■ DIRECTIONS FOR THIS TASK ■
Copy the following data exactly and drop the pictures.

──────── DATASET CONTENT

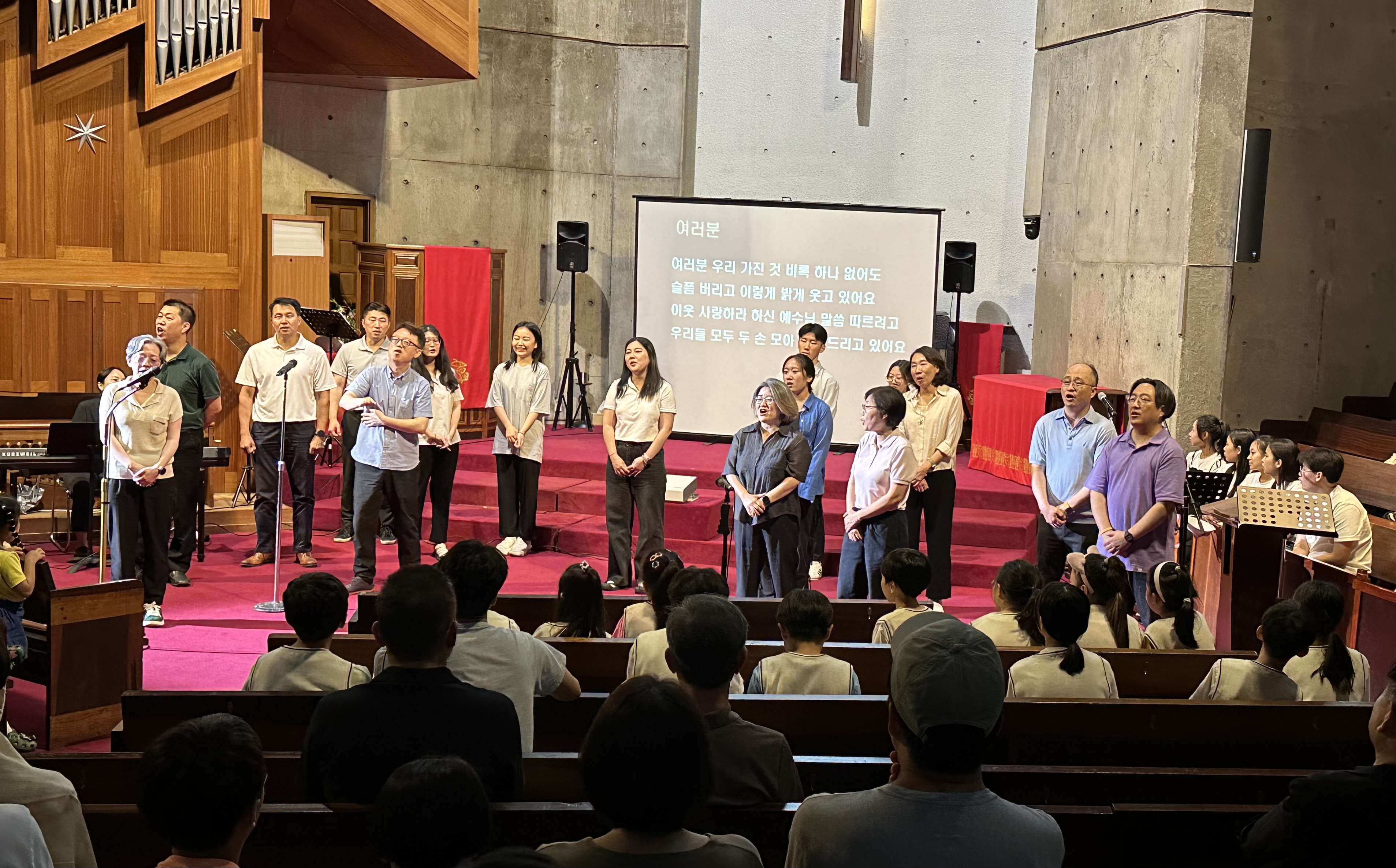 흥미로운 순서는, 교회학교 출신 선배들이 나와서 "교가" 비슷한 걸 부르는 시간이었다. 20대부터 50대까지 이 교회 공간에서 시간대는 달라도 어린이, 청소년기를 보낸 이들의 표정에선 우리가 모르는 감회가 드러나는 것 같았다. 그 중 한 분은 수화로도 옮기면서 가사에 담긴 의미를 되새기게 해 주었다.
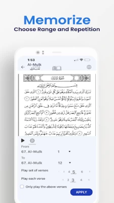 playback of verses to aid in Quranic Memorization. Visuals such as Mushaf Quran Experience including Page number also help with visual memorization.
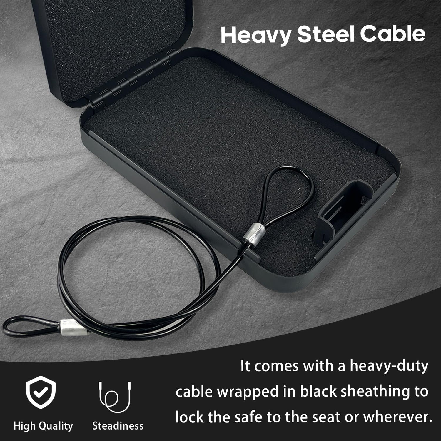 - 【Steel Cable For Fixing】It comes with a heavy-duty cable wrapped in black sheathing to lock the safe to the seat or wherever. To secure the pistol case to a fixed object, please loop the cable around the object and place the cable’s end into the notch on the side of the case.

────────────────

■ REPLY ■
 흥미로운 순서는, 교회학교 출신 선배들이 나와서 "교가" 비슷한 걸 부르는 시간이었다. 20대부터 50대까지 이 교회 공간에서 시간대는 달라도 어린이, 청소년기를 보낸 이들의 표정에선 우리가 모르는 감회가 드러나는 것 같았다. 그 중 한 분은 수화로도 옮기면서 가사에 담긴 의미를 되새기게 해 주었다.
 playback of verses to aid in Quranic Memorization. Visuals such as Mushaf Quran Experience including Page number also help with visual memorization.
 - 【Steel Cable For Fixing】It comes with a heavy-duty cable wrapped in black sheathing to lock the safe to the seat or wherever. To secure the pistol case to a fixed object, please loop the cable around the object and place the cable’s end into the notch on the side of the case.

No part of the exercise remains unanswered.